The given integral in the image is:

$\int_0^{\ln(2)} \frac{\ln(1 + e^x)}{e^x} \, dx$

Let me proceed by solving this step by step.

Step 1: Substitution

We can simplify the integrand by substituting $e^x$. Let: $u = e^x \implies du = e^x dx$ When $x = 0$, $u = 1$. When $x = \ln(2)$, $u = 2$.

Now the integral becomes: $\int_1^2 \frac{\ln(1 + u)}{u} \, du$

Step 2: Recognizing the integral

This is a standard integral form: $\int \frac{\ln(1+u)}{u} \, du$

It is known that: $\int \frac{\ln(1+u)}{u} \, du = \frac{1}{2} \ln^2(1 + u)$

Step 3: Applying limits

Now apply the limits from $u = 1$ to $u = 2$: [ \frac{1}{2} \left[ \ln^2(1 + 2) - \ln^2(1 + 1) \right] = \frac{1}{2} \left[ \ln^2(3) - \ln^2(2) \right] ]

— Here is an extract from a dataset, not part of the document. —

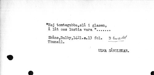 //// ' ' ' . - . ' . - //// t //// - //// "Hej tomtegubba.slå i glasen, //// a lat oss Instia vara //// Skåne,Dalby-,14.2l.s.l3 fol. D //// Thunell. --— //// ULMA SÅNGLEKAR. ////

Thus, the value of the integral is: $\frac{1}{2} \left( \ln^2(3) - \ln^2(2) \right)$

This is the final answer.

Final Result:

$\int_0^{\ln(2)} \frac{\ln(1 + e^x)}{e^x} \, dx = \frac{1}{2} \left( \ln^2(3) - \ln^2(2) \right)$

Would you like any further details or clarifications?

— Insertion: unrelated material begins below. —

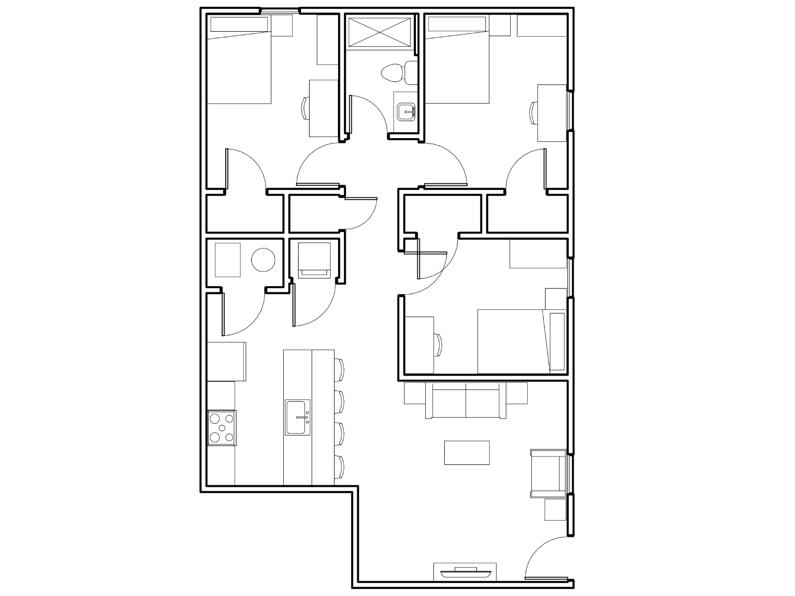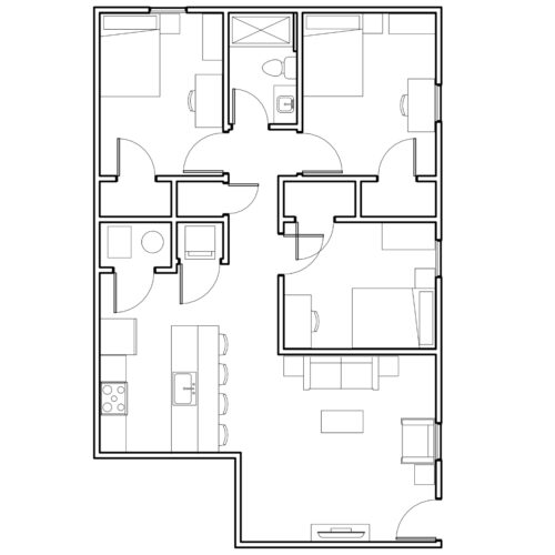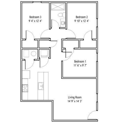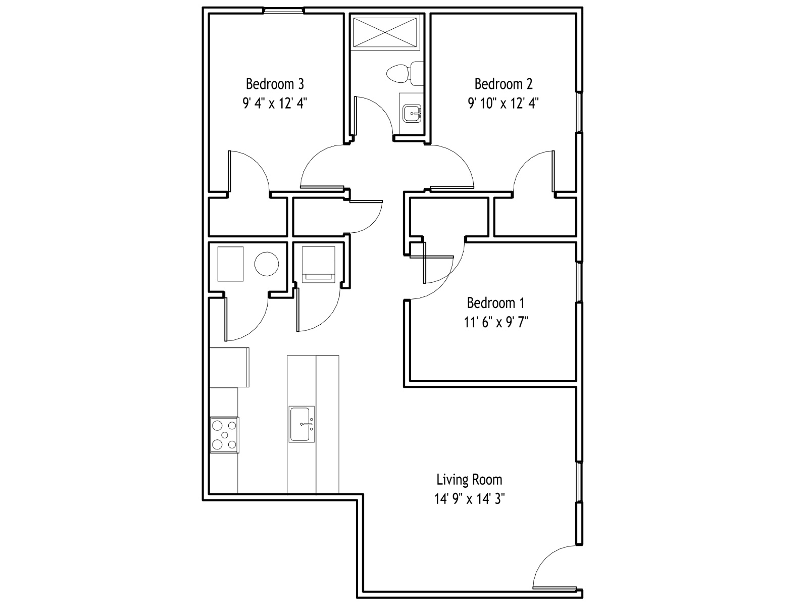 Large three bedroom, one bathroom single story floor plan apartment, located right off of Court Street!

Here are 5 related questions you might want to explore:

1. How can you solve integrals involving logarithmic and exponential functions?
2. What is the significance of substitution in solving integrals?
3. How would you handle integrals with more complex limits of integration?
4. Can you generalize this type of integral for different limits?
5. How would you approach solving this integral using numerical methods?

Tip: When faced with integrals involving logarithmic functions, always look for opportunities to use substitution to simplify the terms.